Poi sono passati altri mesi, le vite che scorrono prendendo una distanza, finché un giorno è venuta da me una ragazza, mi ha detto sono stata con lui dopo di te, lui mi diceva che la colpa era tutta tua se era stato costretto a distruggere le tue cose e io ci avevo creduto, ma poi anche con me ha fatto questo e quello, cose diverse ma uguali, e allora ho capito. Ci siamo guardate, mi è mancato il respiro. Allora i miei libri lacerati non erano valsi a nulla, a nulla era valsa la terra di un vaso che lui aveva rovesciato e che si era mescolata con quelle pagine strappate, sporcandole tutte, confondendo le parole. Solo quel giorno ho visto precisamente cosa aveva fatto, guardandolo nella vita di un’altra.

 

E poi c’è un secondo finale. Poco tempo fa ho incontrato un’amica comune che mi ha detto: «Certo sei stata una grande, anni fa, a tagliargli tutte le cravatte». «Chi? Io?». Non riuscivo a capire, ma la mia amica continuava… «Sì, l’ho trovato così…fallico. Lui che distrugge i tuoi libri e tu che gli tagli le cravatte». C’è stata una grande confusione nella mia testa, come se si alzasse un gas oscurante, ma no! Ho dovuto quasi urlare dentro di me prima di dirlo a lei. «No! Io non l’ho mai fatto! Lui vi ha detto questo?». «Sì…», l’amica mi guardava stralunata, continuando: «Davvero non l’hai fatto?

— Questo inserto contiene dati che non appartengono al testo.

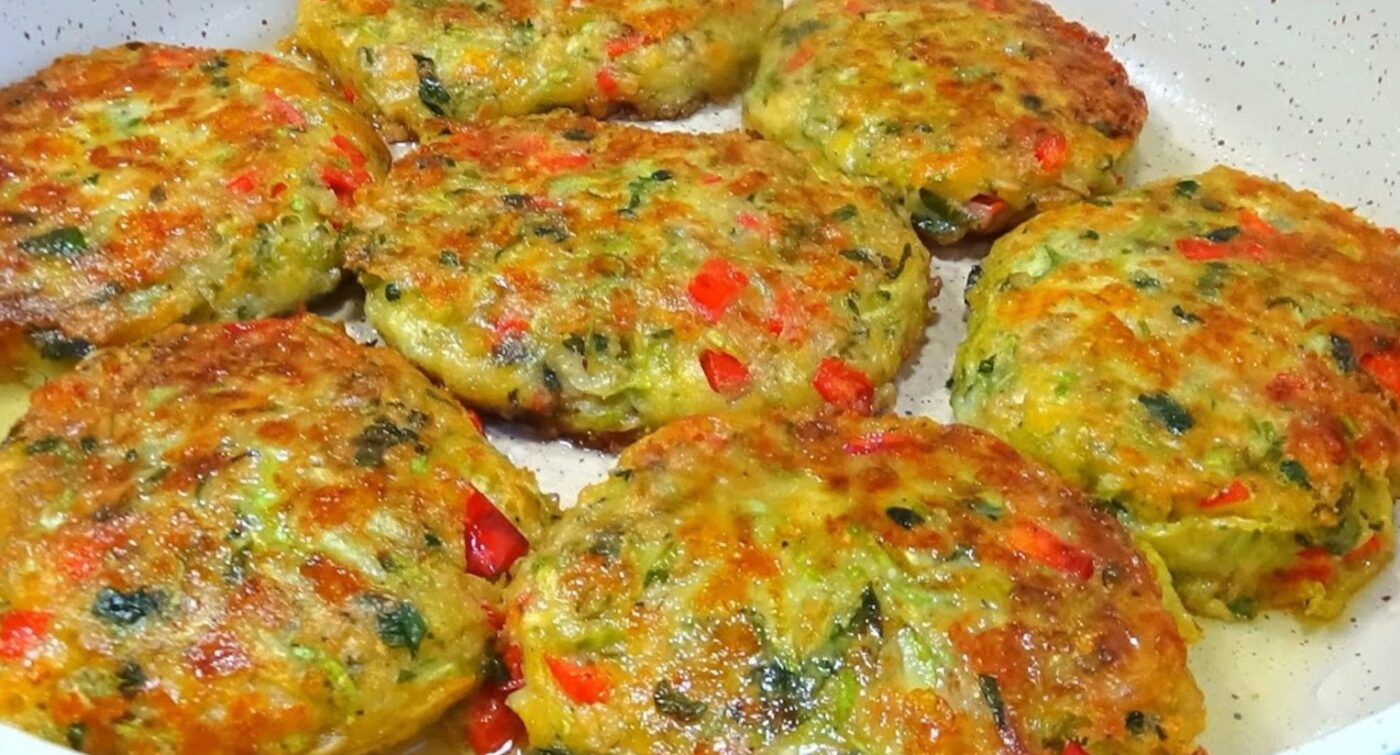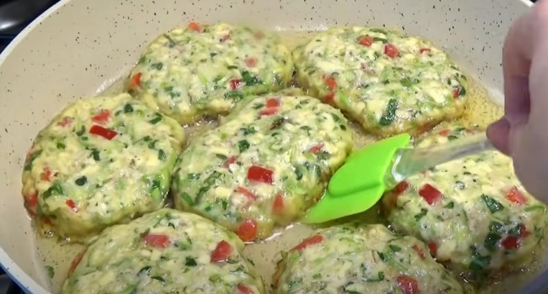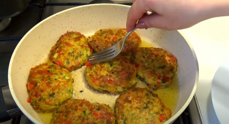 Cukinijos kotletai su saldžiaisiais pipirais, sūriu ir avižiniais dribsniais. Pasirodo, labai patrauklu ir patenkinama.

Peccato». Qualche ora dopo avevo dovuto chiamare l’amico e l’amica che mi erano stati accanto all’epoca tutti i giorni e avevo chiesto loro: «Non ho tagliato le sue cravatte, vero?». «No!», avevano risposto in coro: «Come avresti potuto se ne eri terrorizzata?».

 

Ed è questo più di tutto che non gli concedo, di aver inventato un’altra me a cui per un attimo ho creduto. Ma poi sono tornata. Grazie alla voce delle amiche, degli amici, dei libri e anche del femminismo. In effetti sarebbe stato meglio tagliarle quelle cravatte. Non erano niente di che.